Games are an important tool in the development of the human child and even as adults we do not outgrow their attraction. In fact many grow up to manufacture the games of a new generation. My first husband was a chess master and if you have ever played the game with any interest then you will realize how humiliating and counter productive it can be to lose continually. A game needs a learning curve and that curve should build gradually to the point where the participant has mastered the skills necessary to the best of their ability. At this point there has to be a manifestation of their achievement either in a scoreboard or the personal satisfaction of beating a known opponent.

I taught my friend’s teenage son to play chess and many years later he informed me that one of the high spots of his life was the time that he finally won a game from me. I never had that satisfaction from my ex husband and to this day I no longer play. Childish in its way, which is a strange overused statement. Children apply the ‘not fair’ rule to anything that stands in their way, but then so do the majority of adults.
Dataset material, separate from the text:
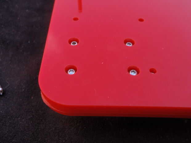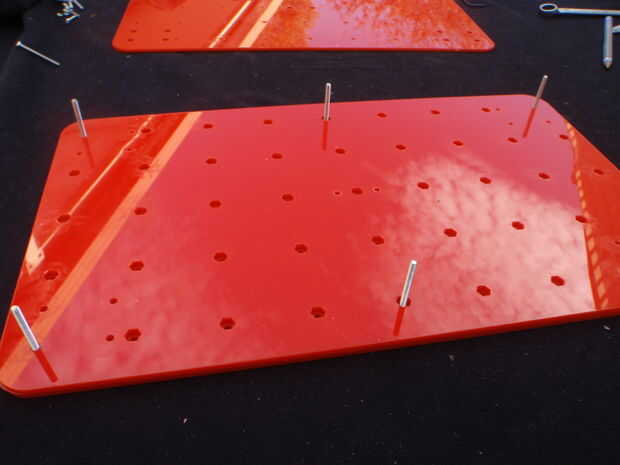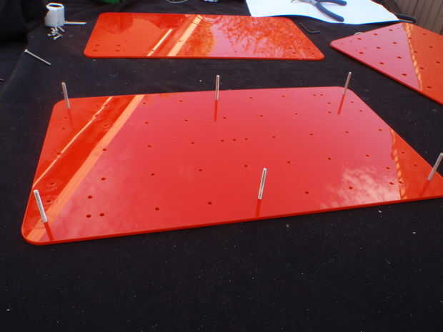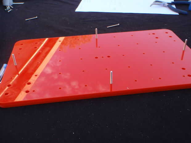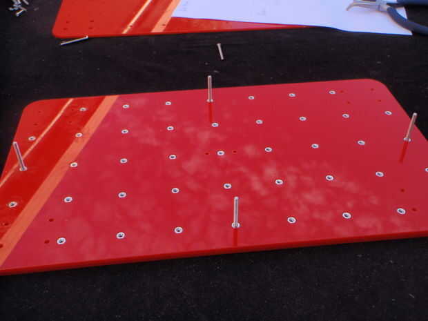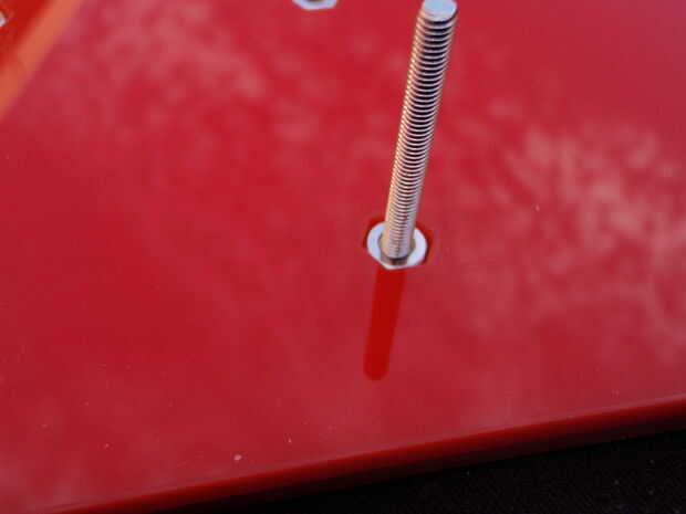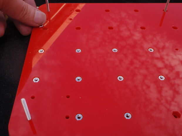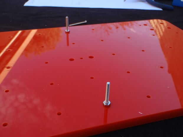 - Ajuste X4or 6 pernos de 30mm a través de la sábana bajera con los hilos hacia arriba en el centro de cada lado. (Estos tornillos alinearán las tres placas y se eliminará más tarde)

My moment of satisfaction came when one year we bought the board game Risk and played it non-stop for twenty-four hours. It took that long for me to form a tactic that ultimately defeated him and then we never played the game again. I guess that proves that we all hate to lose, particularly when we feel a certain amount of superiority to others.

Some people like to move outside the structured safe area of games, or maybe they are just not as good at certain games as others, (this is a hypothesis that requires further deliberation), and they prefer to play with the lives of real people. This gives them a feeling of being powerful and in control of their own narrow existences. This is one reason why the manipulators and bullies exist and why they self perpetuate their nastiness in a never ending drive to achieve mastery over others. The trouble occurs when the would be masters are the puppets of other would be masters. You can “cry havoc and let slip the hounds of war” but then you have to take some responsibility for the damage that those beings inflict, and it is not uncommon for the rabid pack to turn on those that have thrust them out upon the world.

I see the three-headed dog is back and this time the puppet master’s strings are even more visible. The name of the game is divide and conquer but the trouble is most of the participants have not mastered Risk yet let alone World Domination. As usual there is one amongst them that is attempting to be intelligent. Always a bad mistake when your English language skills are not up to par, but then everyone has to commit to their own learning curve in this life. True to the type they are also producing a satellite of neophyte bullies who are drawn like jackals to where the hounds feed. You could say that they live in Interesting Times but I hear that that is a curse.